Mar. 31, 2023 By Ethan Marshall
After serving 53 years as a member of Community Board 11, 94-year-old Bernie Haber announced he’s retiring from the board at the end of March. A new member will be appointed in his place in April.
According to Haber, he had decided a few months ago to retire two years before his final term was set to conclude. While he will be stepping down from the community board, Haber still intends to take part in some Community Board 11 committees as a community member.
“I felt that at my age, at 94, even though I’m in pretty good health, it was time for me to hang up my coat and give my spot to a younger person,” Haber said. “I want to continue [to participate] on the Landmarks Committee. I won’t chair it, but I’ll just be a member of the committee.”
Haber was the first appointee to the Community Planning Board 11 by Queens Borough President Sidney Leviss in 1969. One of his first projects there was the widening of Northern Boulevard from Douglaston Parkway to the City Line. Using his background as a civil engineer, Haber proposed removing five feet from the sidewalks and developing a 10-foot center median and turning lane in order to reduce congestion. After the project was approved and built, it proved to be so successful that the New York City Department of Transportation ended up reconstructing the entirety of Northern Boulevard from the Douglaston Parkway 12 miles to Long Island City using this design.
From 1971-2002, Haber served as the chairman of Community Board 11. Under his tenure, many areas of northeast Queens were rezoned by the board to allow new development while maintaining the character of the community. One of the main efforts during his tenure was the acquisition of of properties for additions to Alley Park and Udall’s Cove.
During and after his tenure as chairman, Haber continued to work for the community board, serving as chairman on numerous committees. Among those he chaired or co-chaired were the Queens County Traffic Safety Board (25 years) and the Queens Zoning Task Force (10 years). He also spent 30 years serving as the Queens Board of Director’s member of the New York City Industrial Development Agency.
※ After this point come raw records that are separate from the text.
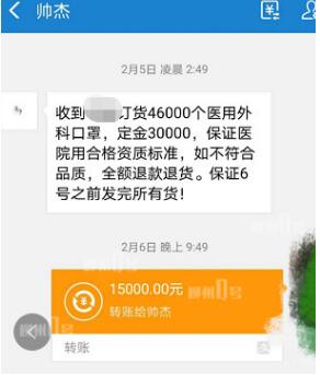 随后,阿丽便通过微信转账的方式,给“帅杰”转了1.5万元,订购三种不同类型的口罩共计5000个。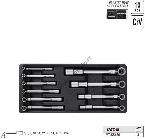 Sada 10 ks gola zahnutých fajfkových klíčů CrV 7-19 YATO YT-55456 výměnná vložka pro dílenský vozík, skříňku.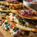 Mediterranean Quesadillas with Spinach, Feta, Mozzarella, and Red Onion bring warmth and joy to your dining table. Each bite is an experience wrapped in nostalgia and comfort, evoking memories of sun-soaked Mediterranean shores. Try this recipe the next time you’re craving something delicious yet simple, and watch how it lights up your meal with flavor and color. Gather friends and family, share the stories behind the flavors, and enjoy the irresistible blend of the Mediterranean in every crunchy, creamy wedge. Your taste buds will thank you!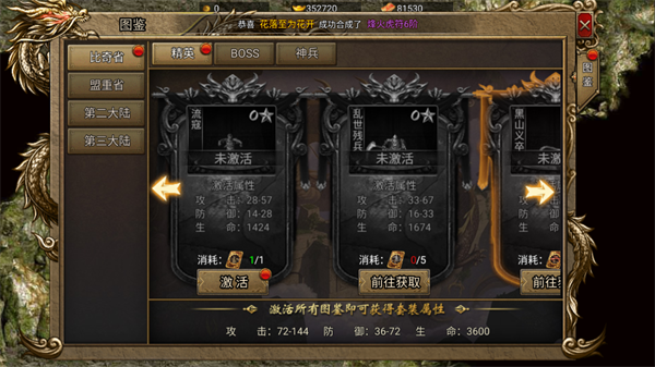 二、图鉴系统:激活即涨战力 通过收集特定道具激活图鉴,可直接提升攻击、防御与生命属性。集齐整套更可解锁强力套装加成。建议新手优先激活流寇”等低门槛图鉴,快速夯实基础战力,为后续BOSS战与阵营PK打下坚实基础。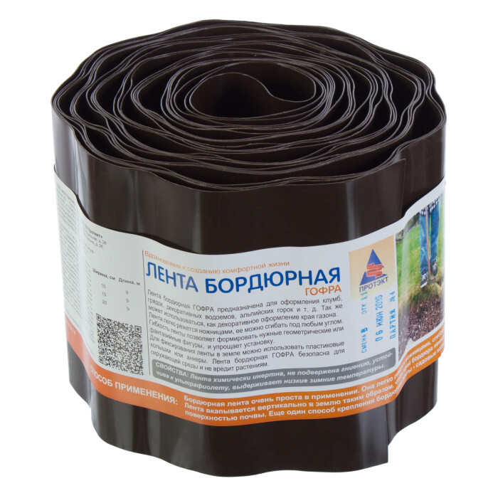 Лента бордюрная декоративная Гофра высота 20 см цвет коричневый
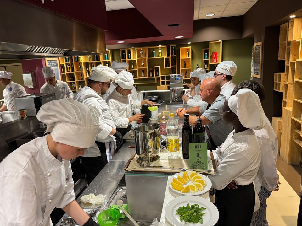 Gli alunni della IV B si sono dimostrati preparati e attenti nel valorizzare la cultura del senza glutine, creando piatti che sapevano davvero di Calabria, seguiti dai prof. Orlando e Laise.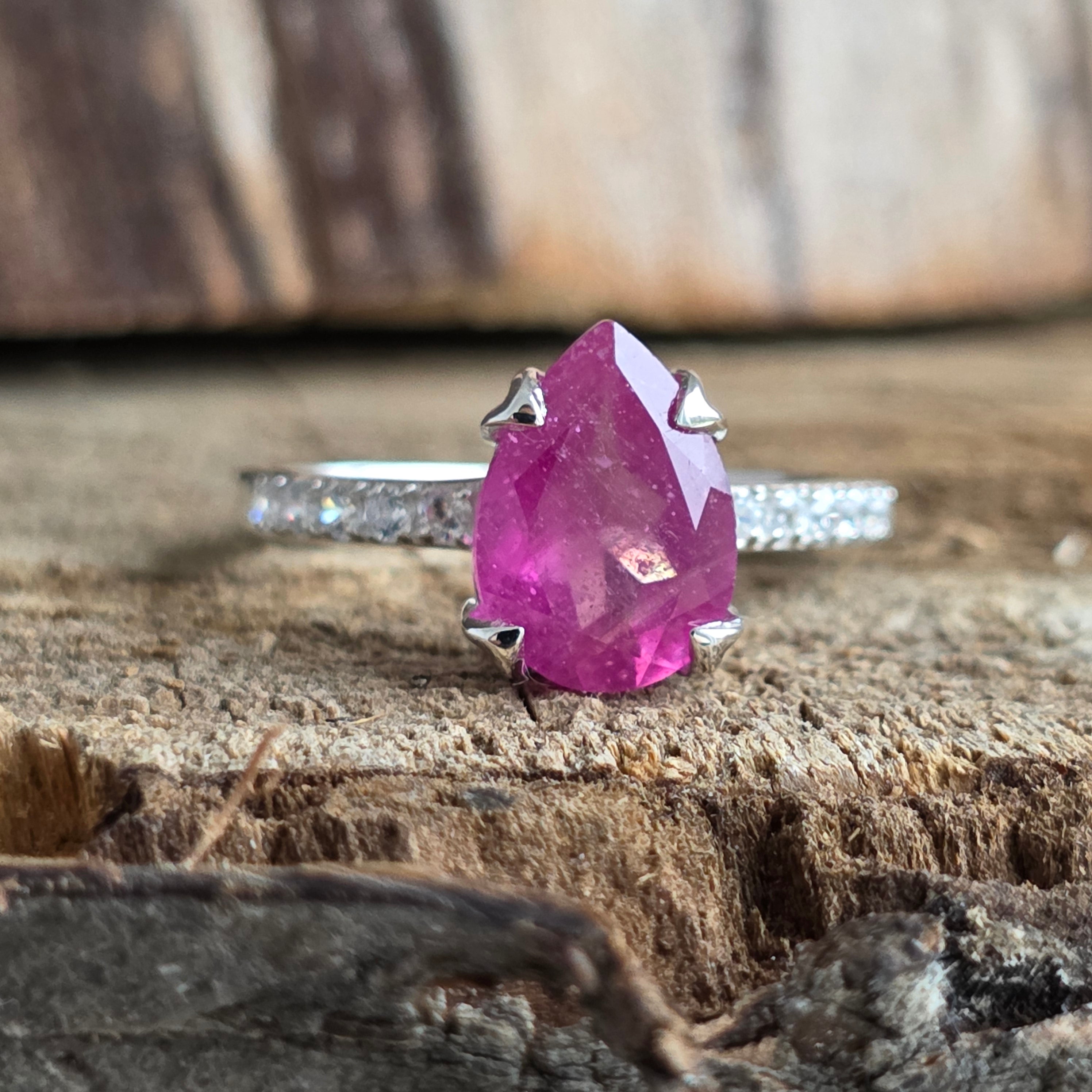 Descriere - Rubin és topáz ezüst gyűrű, Pear 10 mm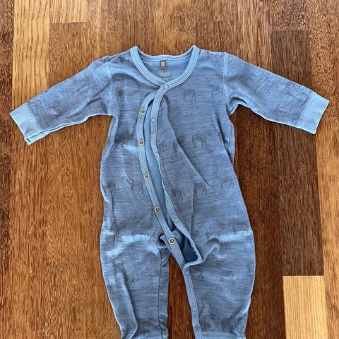 Hust & Claire ull babydress i grønn farge (khaki), størrelse 56. Passer for både gutter og jenter. Laget av ull/bambus.

Additionally, in 1984, he served on Mayor Koch’s Commission on the Year 2000, on which he and author Robert Wagner Jr. created the book “New York Ascendant: the Commission’s Plan for New York City in 21st Century.”
In addition to serving on many other governmental boards, Haber collected many accolades over his 53 years in public service. He was cited by the U.S. Congress, New York state and New York City for his community service and technical work.
“It’s very unlikely that anybody else will ever serve as long as I did,” Haber said. “[I think people will remember me by] the length of time I put in and all the various things I was involved in.
One project Haber highlighted as being very proud of was expanding, altering and adding bus lines for students to better get to and from Queensborough Community College. This helped to decrease the amount of cars parked within the community by students, as they had more convenient public transportation routes. According to Haber, the Transportation Committee based these routes upon where many of the students lived.
“We got this information from the college and took the zip codes of where they lived,” Haber said. “Based on the ZIP codes, we figured out what routes they would take to come to school. You could tell pretty much what kind of public transportation they had available rather than use their cars.”
As this occurred before the age of computers, the data collection and drawn up routes were all done by hand. After putting together the proposal based off the data collected, the committee gave it to the Transit Authority, which was very receptive to it.
Another project that Haber discussed being involved in was adding five-foot cutouts to Bell Boulevard for buses. This allowed for buses along to pick up and drop off passengers without having to worry about backing up traffic, as the cutouts prevented them from blocking the roadway.
In addition to his work for Community Board 11, Haber has served as managing partner of the oldest and one of the largest transportation and bridge engineering firms in the United States. He also served 37 years in the United States Air Force on active and reserve duty, retiring with the rank of Lieutenant Colonel.
Liu and Braunstein paid a surprise visit to Haber’s home during CB 11’s virtual meeting. They then presented him with a proclamation honoring the exemplary service he has provided to his community and state.
“Bernie Haber is the epitome of community service,” Liu said. “For over 50 years, his insights and institutional knowledge have been instrumental in shaping communities in northeast Queens and beyond. Over the years, I have personally sought his guidance on many issues related to everything from land use, parks, transportation and more and time and again Bernie has shown to have his finger on the pulse of our community’s concerns. His absence on CB 11 will be greatly missed, but his presence will be felt for generations to come.”
Braunstein said part of what makes northeast Queens a special place to live is “due in part to civic-minded people like Bernie Haber.”
“As the longest-serving NYC community board member and a civil engineer by trade, Bernie brought a valued perspective and expertise to Board 11 that will be sorely missed,” Braunstein said. “The community is grateful for his hard work and I thank him for his 50+ years of dedicated service. It was a pleasure to visit Bernie with Senator Liu and I wish him well ahead of his retirement.”